Monday, February 19, 2007

Adventures in Urgent Care

Before my trip this last weekend I had to make a trip to Urgent Care. Now usually when I am not feeling well I will go ahead and live with the symptoms for a couple of days and then I will have to pretty much be convinced that I need to go to the doctor. However, there is an exception to this rule as with any rule....a bladder infection. Nothing will get me to call a doctor faster than seeing blood in my urine.....TMI?

Anyway, I woke up Friday morning the day we were to leave for our trip to horrendous pain....I mean screaming agony...OK...there will be no working today....I call in sick...call my doctor...she is out until Tuesday...but you can go to the local Urgent Care...for treatment....I'm told....

Now, I am sure every major city in America has an urgent care....if you are not familiar with these types of places allow me to describe them to you....they are the last place on earth you want to go to on a Friday morning. They are basically like a small emergency room without the emergency part thrown in. You could walk into one of these places....with your arm severed and you passing out from blood loss and they will tell you to take a number. So, the last place I wanted to be was Urgent Care, but I have a trip and I know that I will not survive if I don't get some drugs. So I wait and I wait and I wait and guess what....I wait some more....HOLY SHIT...I ever wait....3 flipping hours and guess what...another lady that was there after me got seen before I did....

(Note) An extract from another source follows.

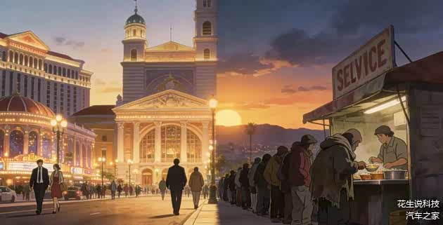 ——我住的地方紧邻市政厅,这条建筑中轴线仿佛一道无形的界限:一侧是音乐厅、歌剧院和豪华餐厅,每晚都有人衣着光鲜,追求精神消费的愉悦;另一侧的大型广场,每到傍晚就挤满了领取救济餐的穷人,他们裹着破旧的衣物,在寒风中排队等待果腹的食物。

I don't know how many of you have ever had to suffer from a bladder infection, but let me tell you .....they are not a walk in the park. They hurt all the time until you can at last take a little brown pill that turns your urine a florescent shade of orange...that the astronauts can see from outer space....then you find relief....but guess what...you can not take this miracle pill until....you guessed it....you pee in a cup.....try being 200th in line to pee in a damn cup....come on people....

So I finally get back to see the doctor and she insists that I have some other sort of infection, Chlamydia, gonorrhea, syphilis….Lady I know that your day is spent picking up snotty rags and listening to old/under privileged people tell you about every ache and pain, but unless someone crawled into my bed, slept with me or my husband without our knowledge (not including the alien probes we had a few months ago…lol) I am pretty damn well certain I don’t have any of those things…..oh…but we must check…so to get 24 little white pills of Cipro to cure my bladder infection I had to endure a pap smear, a blood test and some sort of scrap of my check…I guess that want to determine if I am the mother of Anna Nicole’s baby…..

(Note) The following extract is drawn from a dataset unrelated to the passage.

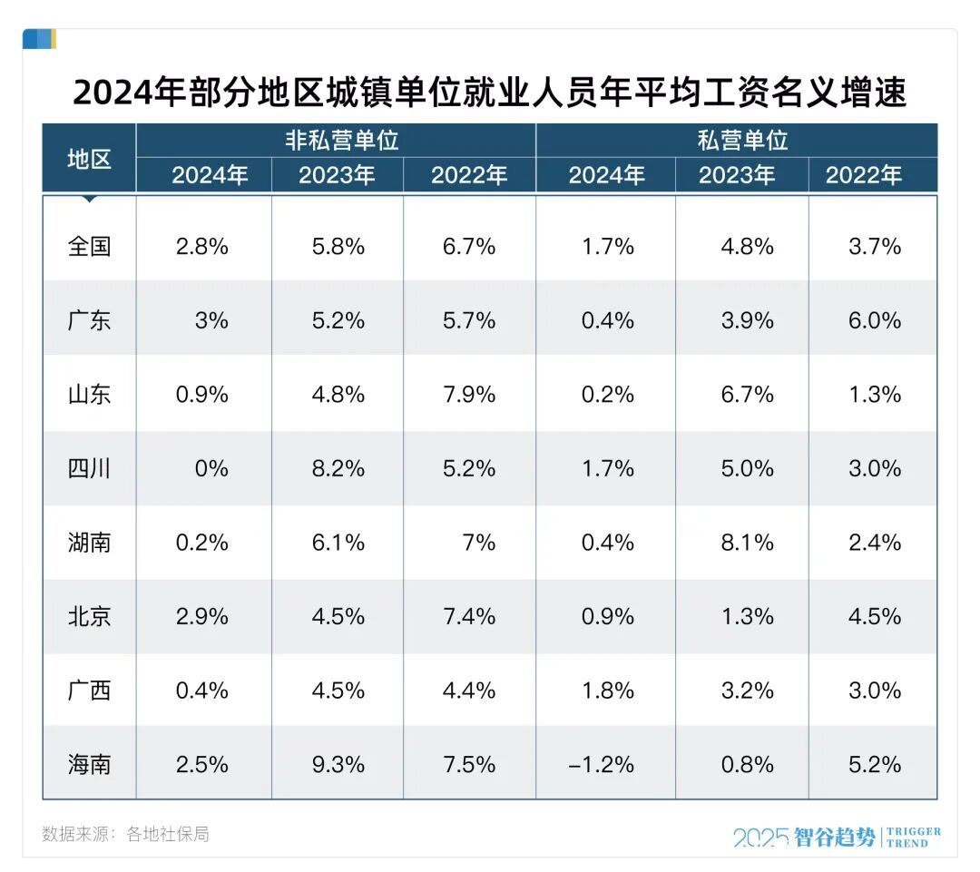 特别是2024年,国内多个省份非私营、私营单位平均工资涨幅相较此前两年出现了较大程度下滑,有部分省份甚至出现了负增长。但相比而言,私营企业工资增速的承压普遍比非私营单位严重。

BTW…I am feeling much better!

3 comments:

Erin said...

oh man that totally sucks! I'm glad you're feeling better though!

Anonymous said...

That's horrible!

I got one at work once, sudden;y I was peeing blood. Damn it was difficult to get home. It took about two hours, I had to walk from work to the bus stop (two toilet breaks) I ended up getting a cab to the station then I had to sit on the train for 45 minutes. Thankfully I work with doctors, one of them just swiped me some antibiotics.

Another time I was on camp (leading children) it kept me awake but I didn't know if I should wake anyone else (hubby was in a cabin with another guy leader) so I sat outside in my sleeping bag.

Glad you're feeling better :)

lioux said...

I hate these types of places.

Urgent Care, my a@#!

One of my BFF's just went to have a recheck on finger he had cut pretty badly and he ended up wasting an hour to just to see the doctor and essentially spent (with his co-pay) $15.00 for a Band-Aid®™©™.